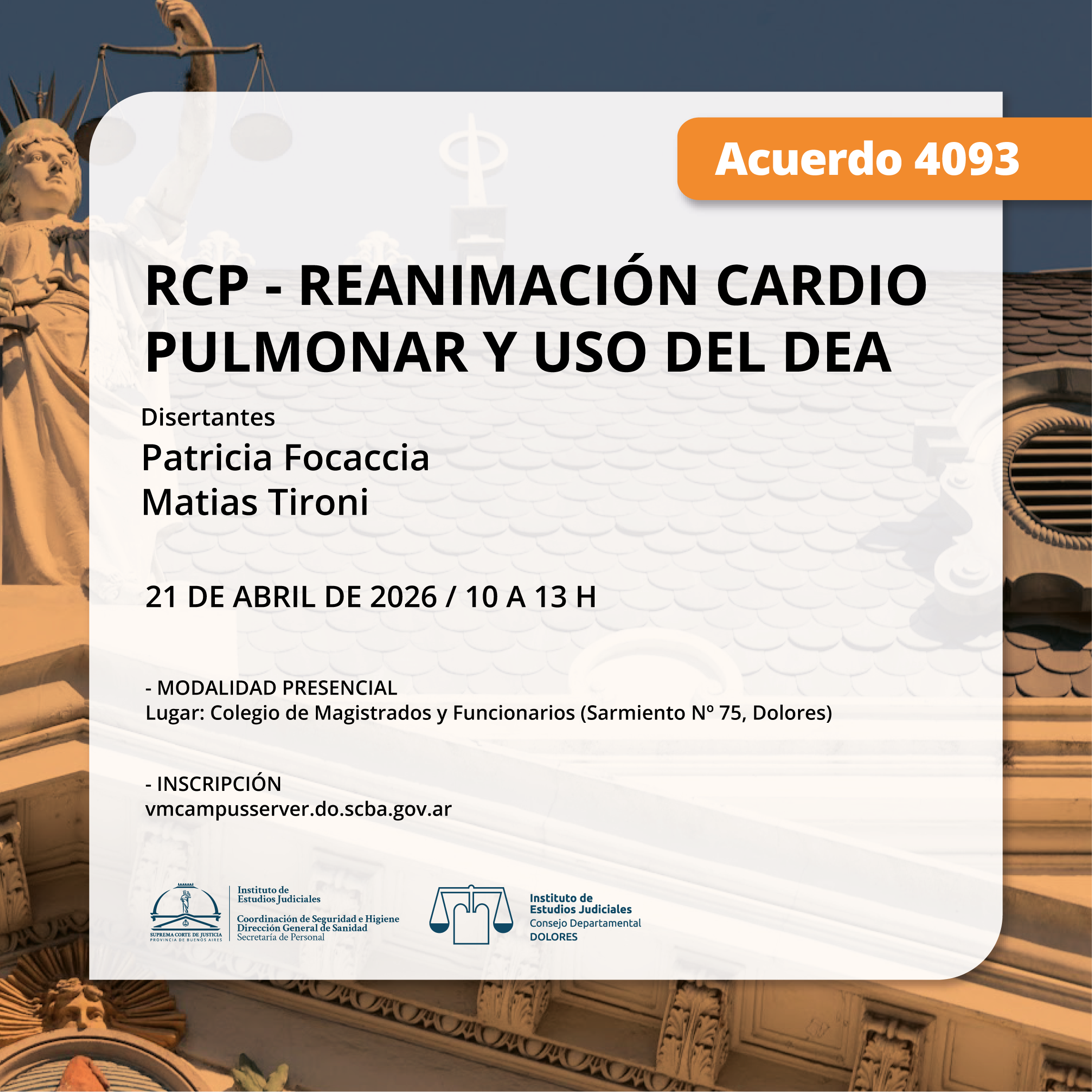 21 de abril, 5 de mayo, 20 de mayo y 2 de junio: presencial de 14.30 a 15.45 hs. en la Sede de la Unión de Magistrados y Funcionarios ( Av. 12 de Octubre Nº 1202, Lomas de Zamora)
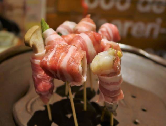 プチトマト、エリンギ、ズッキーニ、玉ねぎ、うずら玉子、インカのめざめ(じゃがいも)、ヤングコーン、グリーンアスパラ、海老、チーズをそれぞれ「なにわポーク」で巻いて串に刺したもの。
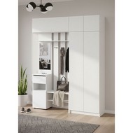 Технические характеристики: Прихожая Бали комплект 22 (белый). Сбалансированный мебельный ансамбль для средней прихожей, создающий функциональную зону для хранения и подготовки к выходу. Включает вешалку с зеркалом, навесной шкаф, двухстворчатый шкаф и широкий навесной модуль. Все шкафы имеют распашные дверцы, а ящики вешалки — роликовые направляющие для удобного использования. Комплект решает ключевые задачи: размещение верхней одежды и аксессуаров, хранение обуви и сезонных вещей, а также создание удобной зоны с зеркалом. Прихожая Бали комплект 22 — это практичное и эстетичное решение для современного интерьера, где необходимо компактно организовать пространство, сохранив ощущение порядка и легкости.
※ ※ ※
#### ACTIVITY:
Could you print the listing above exactly, without the pictures?

#### RESPONSE AREA:
 21 de abril, 5 de mayo, 20 de mayo y 2 de junio: presencial de 14.30 a 15.45 hs. en la Sede de la Unión de Magistrados y Funcionarios ( Av. 12 de Octubre Nº 1202, Lomas de Zamora)
 プチトマト、エリンギ、ズッキーニ、玉ねぎ、うずら玉子、インカのめざめ(じゃがいも)、ヤングコーン、グリーンアスパラ、海老、チーズをそれぞれ「なにわポーク」で巻いて串に刺したもの。
 Технические характеристики: Прихожая Бали комплект 22 (белый). Сбалансированный мебельный ансамбль для средней прихожей, создающий функциональную зону для хранения и подготовки к выходу. Включает вешалку с зеркалом, навесной шкаф, двухстворчатый шкаф и широкий навесной модуль. Все шкафы имеют распашные дверцы, а ящики вешалки — роликовые направляющие для удобного использования. Комплект решает ключевые задачи: размещение верхней одежды и аксессуаров, хранение обуви и сезонных вещей, а также создание удобной зоны с зеркалом. Прихожая Бали комплект 22 — это практичное и эстетичное решение для современного интерьера, где необходимо компактно организовать пространство, сохранив ощущение порядка и легкости.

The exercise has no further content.